Dr. Vanderford is deputy director of the Office of Communication of the National Center for Environmental Health at the CDC in Atlanta. She was a faculty member in Communication at the University of South Florida before moving to CDC a year and a half ago.

Dr. Dunwoody is a former science journalist and health communication practitioner who conducts research on science journalism. She also conducts workshops for journalists and scientists on the topic.

As part of the workshop, the journalists were asked to break into four groups and develop a plan for coverage of environmental health issues by the team. They were to list stories they would cover, decide what information they needed and where they could get that information, and explain how they would organize the presentation of the stories they developed.

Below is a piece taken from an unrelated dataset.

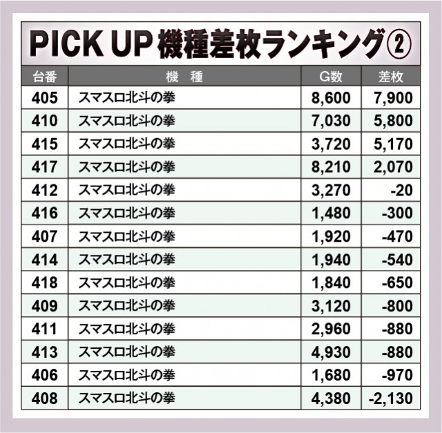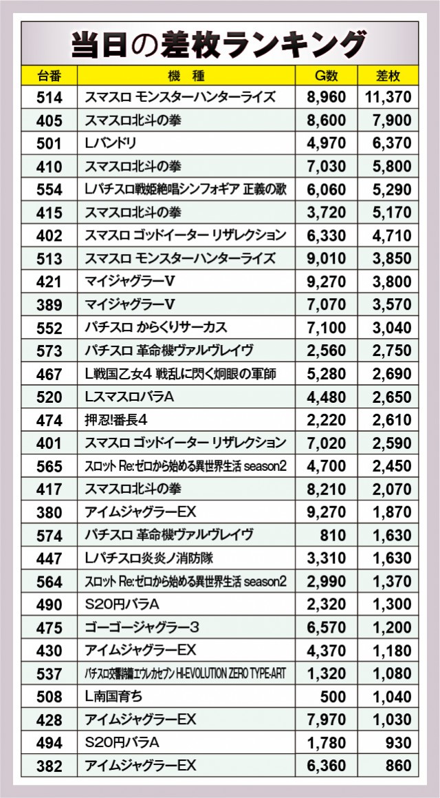 ※差枚数順に掲載しています。

The four groups gave reports on the last day of the workshop on their plans. Many of the journalists indicated they found it hard to take the role-playing assignment seriously.

"Many of the journalists demonstrated a level of cynicism about their situation that is quite understandable but also quite disturbing," Cox Center Director Dr. Lee B. Becker said. "Clearly the challenge for the journalists is to find ways to continue to do their jobs given the cynicism."

Dr. Becker thanked the journalists for their participation in the closing session of the workshop and indicated how much he had learned from their comments during the three days of the workshop.

"I have learned that the heroes of journalism today are not in the United States or in other developed countries," Dr. Becker said. "They are in countries such as this one where journalists are working under very difficult circumstances to write and report about important issues."

The day before the workshop began, Drs. Becker, Dunwoody and Vanderford traveled to Cerkasi, three hours south-east of Kyiv, to meet with the staff of a local weekly newspaper, the Evening Cerkasi. After the workshop the trio traveled to Cernigiv, two and a half hours north of Kiev and just east of Chernobyl, to meet with the staff of the weekly Val there.

The workshop in Kyiv was the second conducted by the Cox Center in Ukraine in collaboration with IREX, or the Institutional Research & Exchanges Board. The Cox Center and IREX conducted a workshop in Yalta in October.